The most commonly used sampling methods are stool collection, rectal swab and mucosal biopsy. The sampling method, storage and processing of samples can impact on the microbiota profile, each sample method has its own limitations.
Stool samples are convenient for patients and low cost, however they do not fully replicate mucosa-associated bacteria. In addition, stool samples are usually taken by the patient at home rather than immediately in the clinic. There are issues with compliance, as some patients do not like handling stool samples. There is also a risk of contamination during collection, delay in freezing the sample, variations in home freezer temperatures, and thawing during transport to the laboratory. Compelling evidence suggests that these factors may introduce sample variation large enough to compromise microbial diagnostics. A biopsy of the intestinal mucosa produces a standardised sample containing mucosally-adherent bacteria, however the bowel preparation required pre-biopsy may affect the microbiota profile. This sampling method is also invasive, expensive, time-consuming, and produces a very small samples that is difficult to process. Rectal swabs can be taken immediately in the clinic and stored in a standardised way, but the amount of material collected is unreliable and considerably smaller than with other methods.

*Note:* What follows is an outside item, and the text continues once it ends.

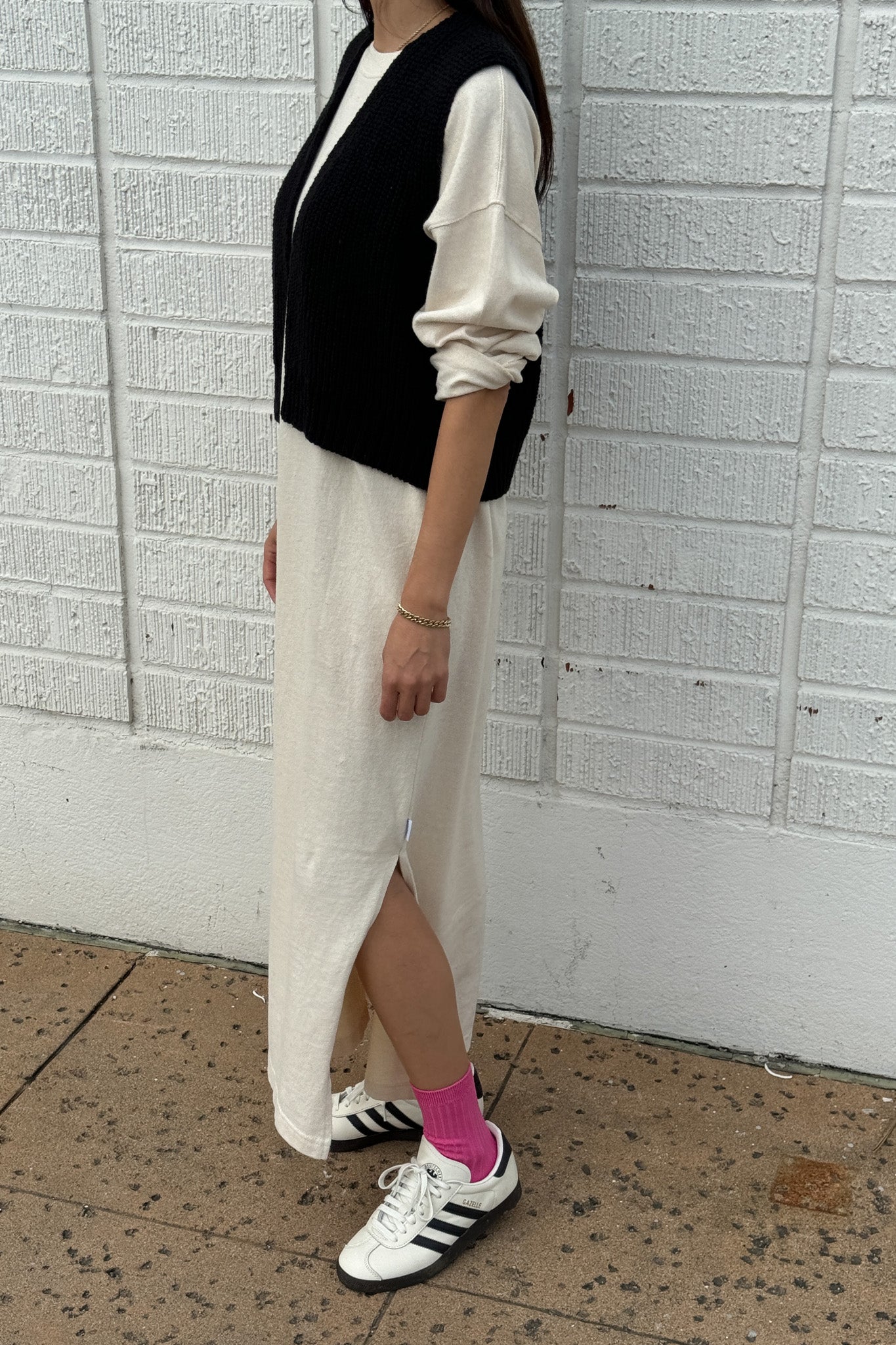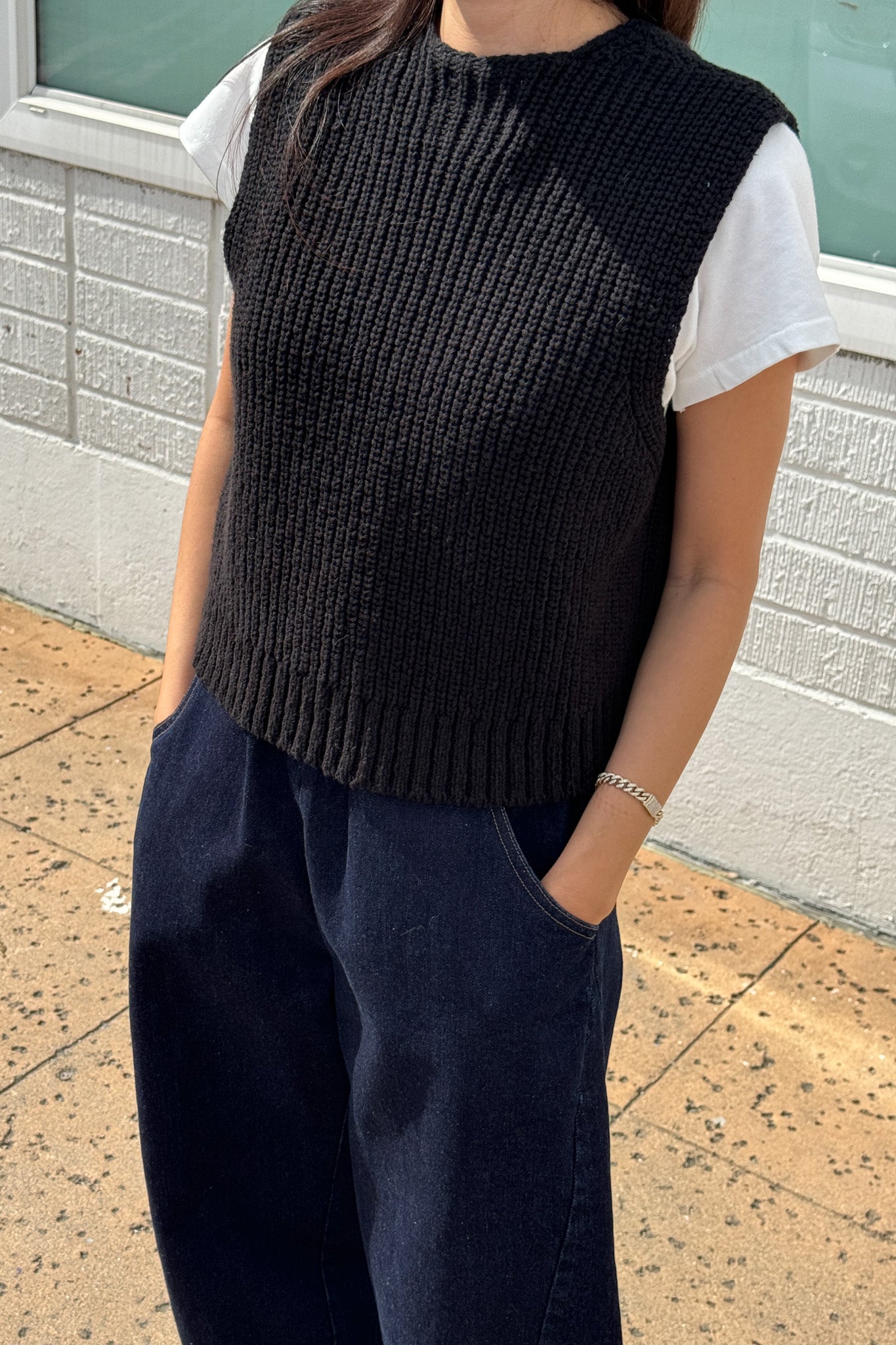 The Granny Sweater Vest is the ideal layering piece to complement your collection of closet essentials. With its slightly cropped, boxy fit, it effortlessly adds versatility to any outfit. Style it open-front for a classic look or turn it around, clip it at the back, and wear it as a true vest. The possibilities are endless.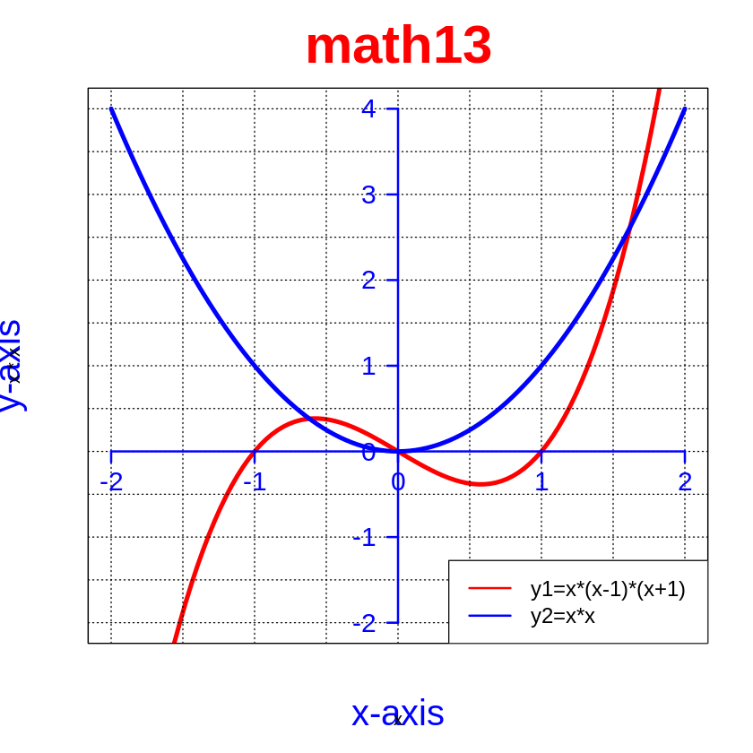 legend=c("y1=x*(x-1)*(x+1)", "y2=x*x"),

A prerequisite for using microbiota analysis as a clinical tool is efficient and consistent sampling and sample preservation. An important factor in this regard is the influence of sample handling and the effect of intestinal preparation by bowel cleansing on composition of microbiota in stool and the mucosal layer of the colon. An ideal sample type for use in routine diagnostics should be easy to obtain in a standardised fashion and reflect the microbiota in situ.
There are solutions available for standardised sample collection that offer clinicians a simple, and effective tool for sampling the rectal mucosa without the need for prior fasting or bowel preparation. On such is OriCol – developed by Origin Sciences Sampling. The device incorporates a nitrile membrane, which after insertion into the rectum via a standard proctoscope, is inflated to make contact with the rectal mucosa. The membrane is then deflated and retracted into the device prior to removal from the patient. Upon retraction the material sampled from the rectal mucosa is retained on the inverted membrane. The device can either be stored frozen or a suitable buffer added to preserve the material for subsequent analysis. An alternative option is Micropharma’s ingestible medical device which can sample the mucosa at pre-determined locations throughout the GI tract, including the small intestine.
Despite these new techniques there is still a significant shortage of products available for sampling the microbiome effectively. There is a clear need to develop improved sampling methods that collect mucosal samples to adequately characterise the complex microbiota of the colon and to develop a standardised collection method and DNA extraction technique. Without new techniques or approaches, the potential of the microbiome in developing new drugs and treatments may never be fulfilled.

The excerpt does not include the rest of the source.